# Elgin/Monark, Please Help With Any Info????



## Carbon (Jan 4, 2012)

So, I bought this bike over on Ratrod bikes and would love to know exactly what I may have, I don't have the bike in my possesion yet so don't have the serial number to help. There is little to no info on anything such as this on the web so hoping some of you old school guru's can shed a little light on this for me. It appears to be an Elgin but looks like a Monark??? To me they look like factory brads holding the headbadge on, were there any years that Monark produced Elgins? Heres a couple of pics from the seller. Thanks in advance.


----------



## ohdeebee (Jan 4, 2012)

Looks all Monark to me. Other than the headbadge, nothing looks Elgin -esque to me. The headbadge was probably added on.


----------



## RMS37 (Jan 4, 2012)

I noted this in a PM but as there is a thread growing...

There is virtually no information I know of to clarify the story about  Monark built Elgin/JCH bicycles. In spite of that, Monark “Rocket” framed  bicycles turn up reasonably frequently badged for Sears as J.C.  Higgins, and occasionally badged as Elgins. 

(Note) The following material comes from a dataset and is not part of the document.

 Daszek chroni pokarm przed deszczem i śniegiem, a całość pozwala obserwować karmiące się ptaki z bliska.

  This picture on Nostalgic Dave’s site is of a likely prewar Monark Elgin

http://www.nostalgic.net/bicycle54/picture119

  The bike in that picture appears to have rear exit dropouts (not a  great picture) which were used by Monark before WW2. Your bike has  forward exit drop outs and an Elgin badge which certainly looks original  to the frame. 

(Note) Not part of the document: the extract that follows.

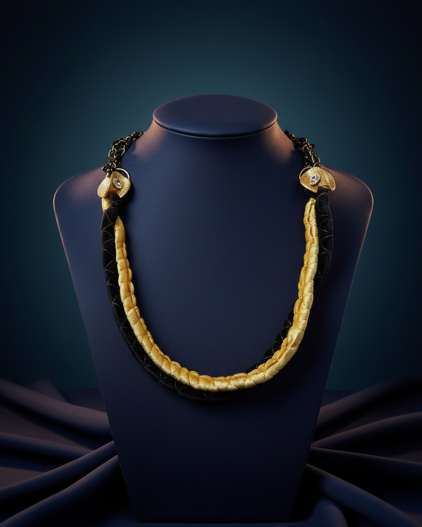The Suntrace Necklace is a mixed‑media artwork brought to life through the fusion of papier‑mâché craftsmanship, intricate crochet detailing, and the soft richness of velvet. Its dual‑tone palette of gold and black creates a striking visual rhythm, capturing the balance between radiance and shadow. Every curve and texture is shaped by hand, giving the piece a sculptural presence that feels both contemporary and deeply artisanal

  I don’t know when Monark changed to forward exit dropouts but it was  likely after 1941-42. The re-branding of Sear’s bicycle line occurred in  early 1947 so that would place your bike into very early 1947 at the  latest. Couple those facts and the frame was probably produced between  late 1945 and the end of 1946. 

Best,

Phil


----------



## Carbon (Jan 4, 2012)

Thanks again Phil, so nice to find info on great old bikes like this. I feel a very nice auto base/clear urethane paint job coming for this one, maybe a medium to dark blue with a light blue forward scallop style design, not sure yet. Kind of on the fence about a possible Military themed dark green and black bmx styled setup, i'll have to think on it for a bit.


----------



## Dope54 (Jan 5, 2012)

*here*

here is one from a RRB member that was selling his. this is a 41 monark made elgin


----------



## Dope54 (Jan 5, 2012)

*one more twin*

here is the long lost twin


----------



## rollfaster (Mar 24, 2015)

Dope54 said:


> here is the long lost twinView attachment 36659




Wow. This one looks just like my mystery bike. Does it have a finned rear hub?


----------



## delgan (Mar 24, 2015)

I am new to collecting so bear with me. In a response above, reference was made to the rear and forward drop exit points. What and where are they? Thanks for any information


----------



## Euphman06 (Mar 24, 2015)

delgan said:


> I am new to collecting so bear with me. In a response above, reference was made to the rear and forward drop exit points. What and where are they? Thanks for any information




It's just how the rear wheel attaches to the frame. This is a backward facing drop out where the wheel exits from the back (common to prewar). 




And this is a forward facing rear drop out (common to post war)


----------



## delgan (Mar 24, 2015)

Thanks Euphman06 for the pictures--I fully understand now--I learn something on here everyday! I really appreciate your help.


----------